EXERCISE GOAL:
Copy exactly the lines of the material below that fall between the line with "Κλήρωση Τζόκερ 3024" and the line with "Σε άλλη φωτογραφία, η", both of those lines included; pictures stay out.

::::

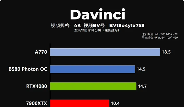 我找了一個我之前用RTX4080做的視訊工程素材,這期視訊特效比較多(BV 號在圖上,感興趣的朋友可以看一下),測試了一下B580整體的加速效能。這個效能和價格貴了幾倍的RTX4080已經是五五開了,相比A770都快了4分鐘,真的是恐怖如斯。intel應該是在硬體加速方面也做了不小的最佳化和升級,在所以,如果你的主力生產力套用是達芬奇的話,我覺得B580 或者這一代其他的 Xe2 HPG Battlemage顯卡,還是非常值得試一試的啊。
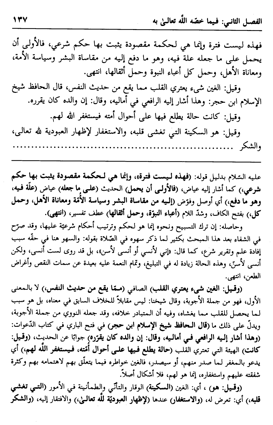 وحاصله: إن ترك التسبيح ونحوه إنما هو لحكم وترتيب أحكام شرعية عليها، وقد صرح في الشفاء بعد هذا المبحث بكثير لما ذكر سهوه في الصلاة بقوله: والسهو هنا في حقه سبب إفادة علم وتقرير شرع، كما قال: "إني لأنسى أو أُنسَّى لأسن". بل قد روي: "لست أنسى، ولكن أنسى لأسن"، وهذه الحالة زيادة له في التبليغ، وتمام النعمة عليه بعيدة عن سمات النقص وأغراض الطعن، انتهى.
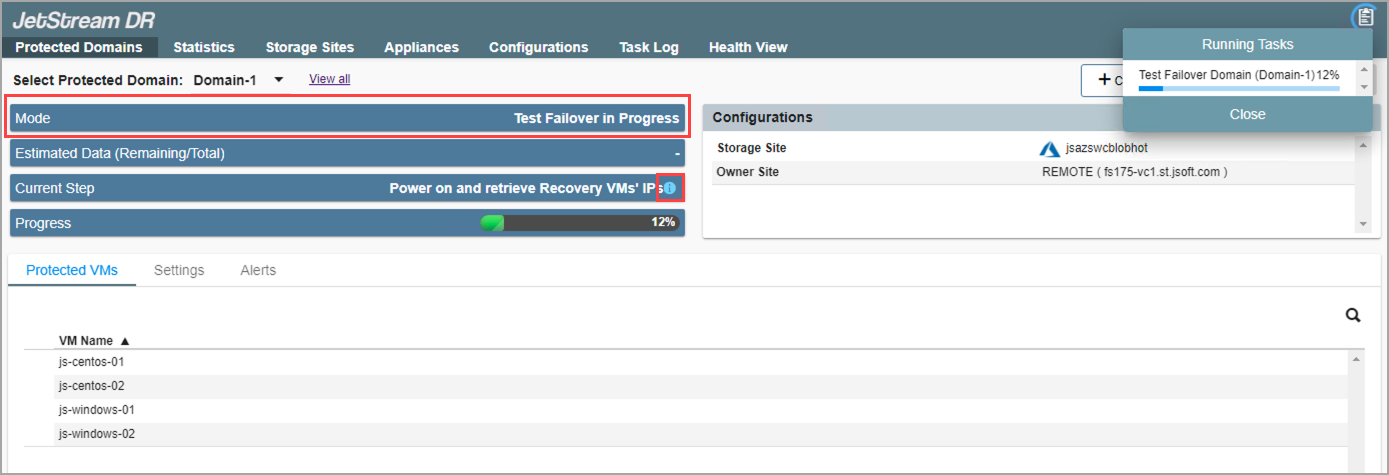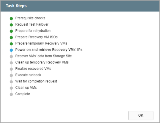 - Click the blue info icon in the Current Step field (refer to above) to view details of each failover task as it is performed during the test failover.
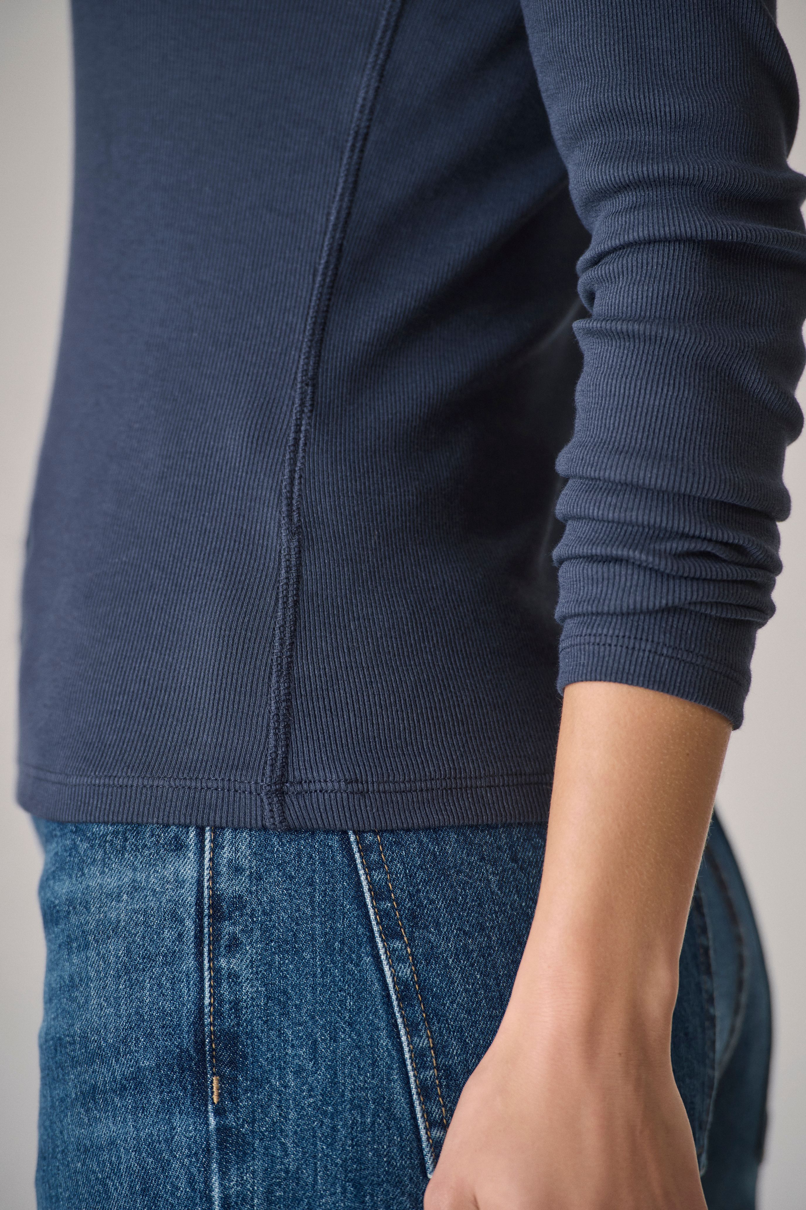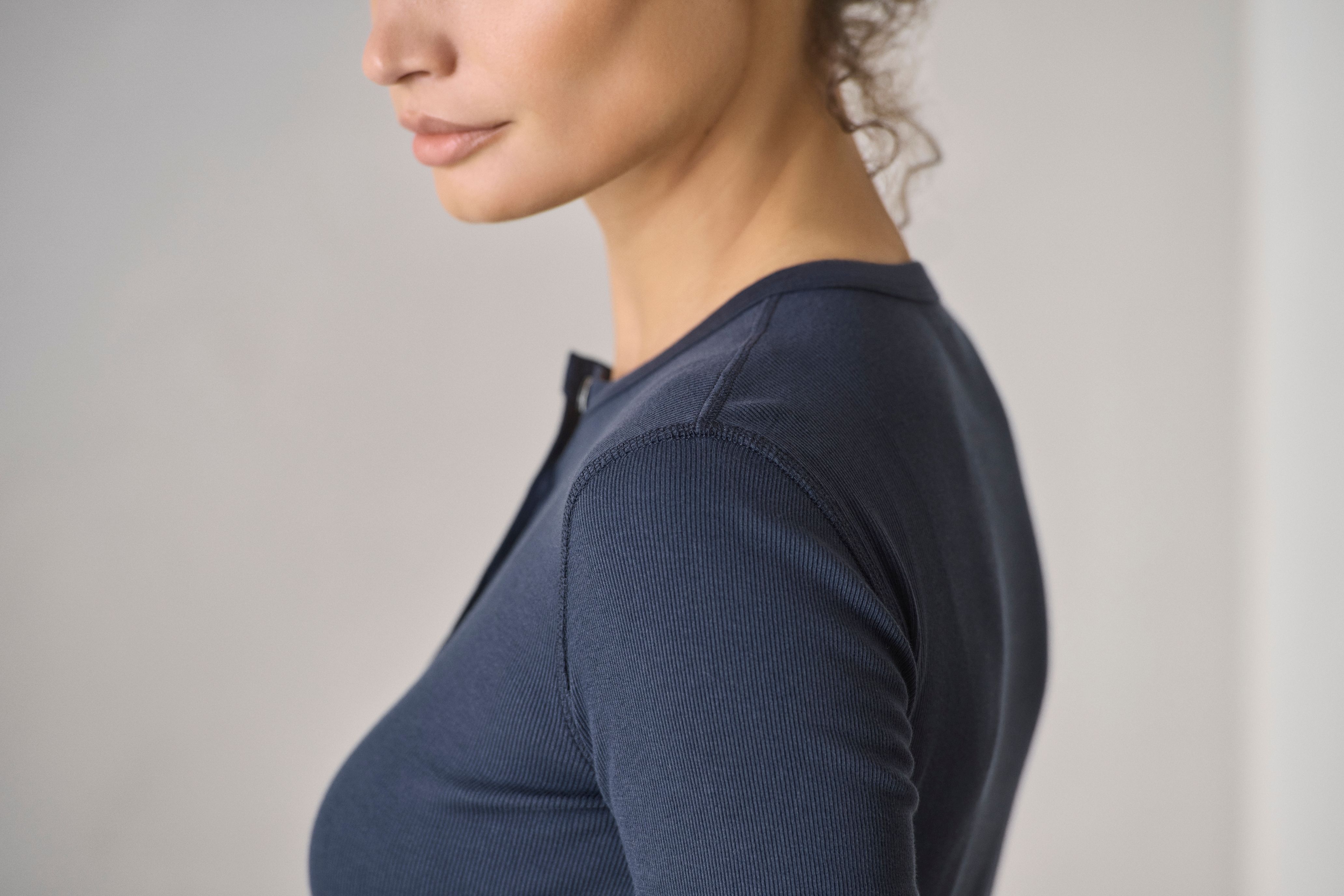A versatile women’s wardrobe staple, our Amara Long-Sleeve Ribbed Henley features a slim fit and a full 2x1 rib-knit, organic Pima cotton construction infused with Lycra for added two-way stretch.
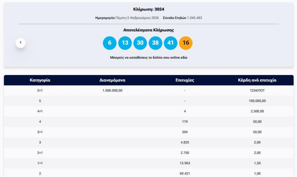 Κλήρωση Τζόκερ 3024 (5/2/2026): Αυτοί είναι οι τυχεροί αριθμοί που κερδίζουν
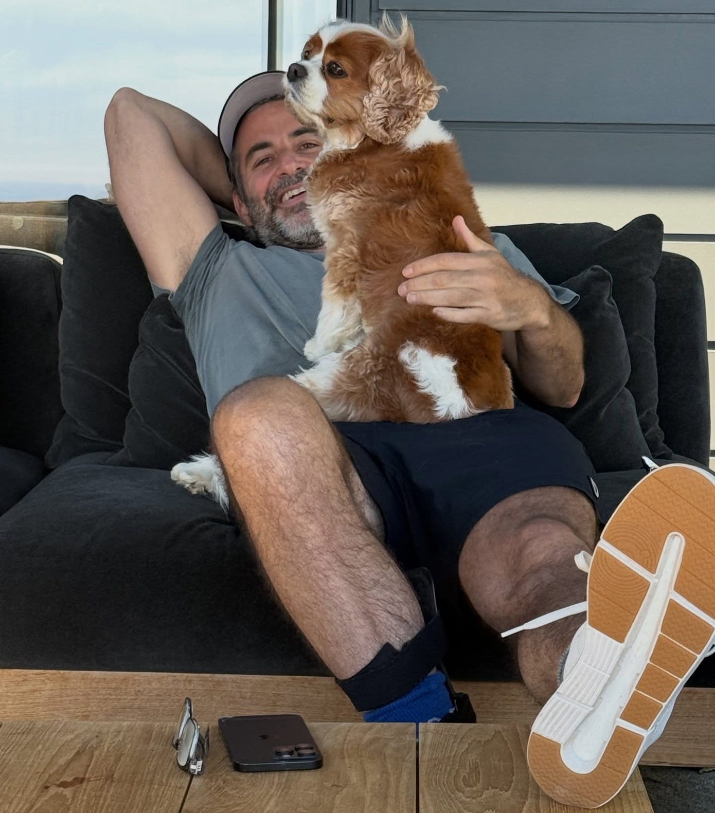 Σε άλλη φωτογραφία, η Τζένιφερ Άνιστον έδειξε τον υπνοθεραπευτή να κρατά στην αγκαλιά του έναν σκύλο.
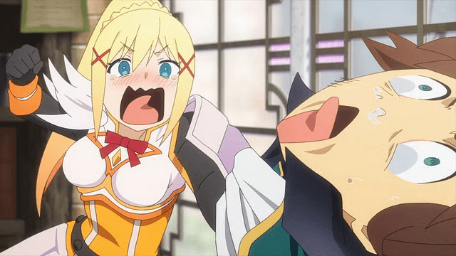 So, we find out the reason for Darkness’s departure, and Kazuma uses special powers from the previously useless Aqua to impersonate anyone he wants. He first goes and performs a photoshoot with some guy wearing a bra and panties, which was about as pandering as any scene as I can remember (not that there’s anything wrong with that!). Then he goes and meets up with Darkness and hilarity ensues.
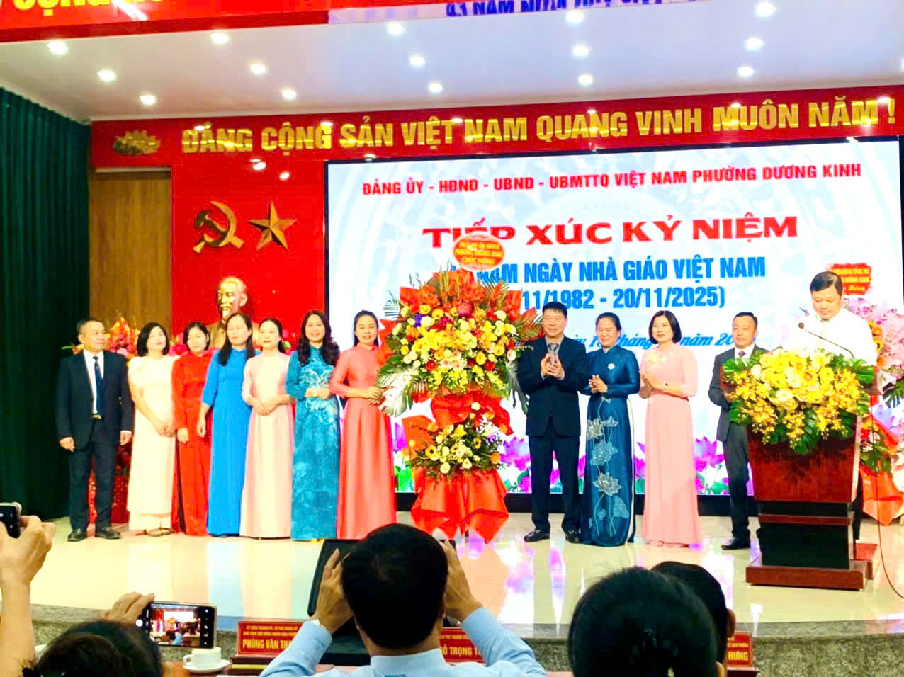 Hòa cùng không khí kỷ niệm 43 năm Ngày Nhà giáo Việt Nam, thầy và trò Trường Tiểu học Hải Thành đã mở màn chương trình văn nghệ tại Hội nghị kỷ niệm 43 năm Ngày Nhà giáo Việt Nam do UBND phường Dương Kinh tổ chức với tiết mục hát múa “Yêu người bao nhiêu, yêu nghề bấy nhiêu”.

::::

EXPECTED ANSWER:
 Κλήρωση Τζόκερ 3024 (5/2/2026): Αυτοί είναι οι τυχεροί αριθμοί που κερδίζουν
 Σε άλλη φωτογραφία, η Τζένιφερ Άνιστον έδειξε τον υπνοθεραπευτή να κρατά στην αγκαλιά του έναν σκύλο.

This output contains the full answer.